One deep breath and down he goes. Seconds later, he is up with the rope that bound. They say that timing is everything. Apparently, the rope had just started to entangle as I put the throttle in idle. There was still power enough to wrap the rope around the prop and cut it, but not enough oomph to create a forcefully tangled mess. There were only 8 wraps around the prop, and Bill was able to easily free it.




The Captain encased in wetsuit holding the offending rope.




The Captain is relieved that the problem could be fixed with only one dive on the prop and scrambles to get out of the freezing water. He is soon stripped of wetsuit, given a thick terry cloth towel and sent off with a kiss to take a hot shower. While doing so, The First Mate brews The Captain a cup of tea liberally laced with brandy, and, thinking she needs one too, makes one for herself as well.

The wetsuit, gloves, booties and facemask have not been brought along on our travels through the Pacific Northwest for pleasure. They were brought for just such an emergency, and emergency equipment must be treated with care. They are rinsed in fresh water and fabric softener. The gloves, booties and facemask are laid out to dry in the sun.

The Captain, with ceremony befitting an 18th Century ship of the Queen’s Navy, hoists “The First Mate” to the shrouds where she is left to swing in the breeze and dry. He thinks this effigy most appropriate. The First Mate does not.

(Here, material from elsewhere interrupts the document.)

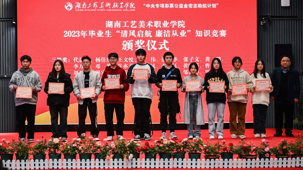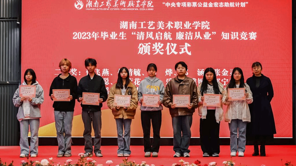11月至12月,学校举行了2023年毕业生“清风启航 廉洁从业”网络知识竞赛,经过1个多月的比赛,共有3157名学生参与了网络知识竞答,评选出一等奖5名、二等奖15名、三等奖30名、优秀奖250名。在12月5日的校园招聘会启动仪式上,学校党委书记陈鸿俊、校长夏能权、纪委书记郑雄分别为“清风启航 廉洁从业”网络知识竞赛获奖的一、二、三等奖学生颁奖。获得本次大赛一等奖的欧阳金善同学说:“以前觉得‘廉洁’距离我们很远,其实廉洁教育意义重大,我将牢记廉洁从业的规章制度,始终保持清醒的头脑,将所学所悟转化成力量,指导自己职业发展。”在颁奖仪式的现场,湖南金煌建筑装饰设计工程有限公司人力资源部经理肖霄表示,“第一次在校园招聘会上看到了毕业生廉洁从业的承诺签名,学校还组织了廉洁从业的知识竞赛,这让我们用人单位很欣赏,工艺美院培养的学生不仅有过硬的专业技能、综合素养,还品质优良,这样的毕业生我们用的放心,这也是我们每年多轮次来校揽才的重要原因。”

Epilogue: In meager defense, I do feel obliged to note that in the 3 years we have owned and sailed Avante we have never once pulled The Dingbat behind the boat. Primarily that is because The Captain doesn’t like the way it looks with a boat our size and secondarily because he knows how easily this can happen and at the most dreadful of times. Thus remembering to pull in The Dingbat prior to anchoring was not part of my programmed anchoring routine. Being of a certain age, this must be considered when giving The First Mate new or altered assignments on this very complicated boat.

The next morning, six crabs are in our trap. Once again, this Mound Island anchorage has awarded us. However, we were only being teased because five of them are female. Fortunately, the one male meets the size limits thus putting The Captain in a much better mood. He really does like crab and can spend the rest of the day thinking about an appetizer of cold steamed crab with homemade Aioli Sauce.

My poor shrimp trap is not so bountiful. This bug-eyed fellow unhappily enmeshed in the netting is a Rock Fish. He’s too small to keep so I don’t even bother to look up whether we are in an area where one can keep Rock Fish. I am also not so sure I could eat him. He’s so ugly; he’s cute. A halibut, I can eat. They’re just plain ugly.








With The Dingbat secure on the bow and out of harm’s way, we set off to explore more islands.














It’s a beautiful day, and all is right with our world!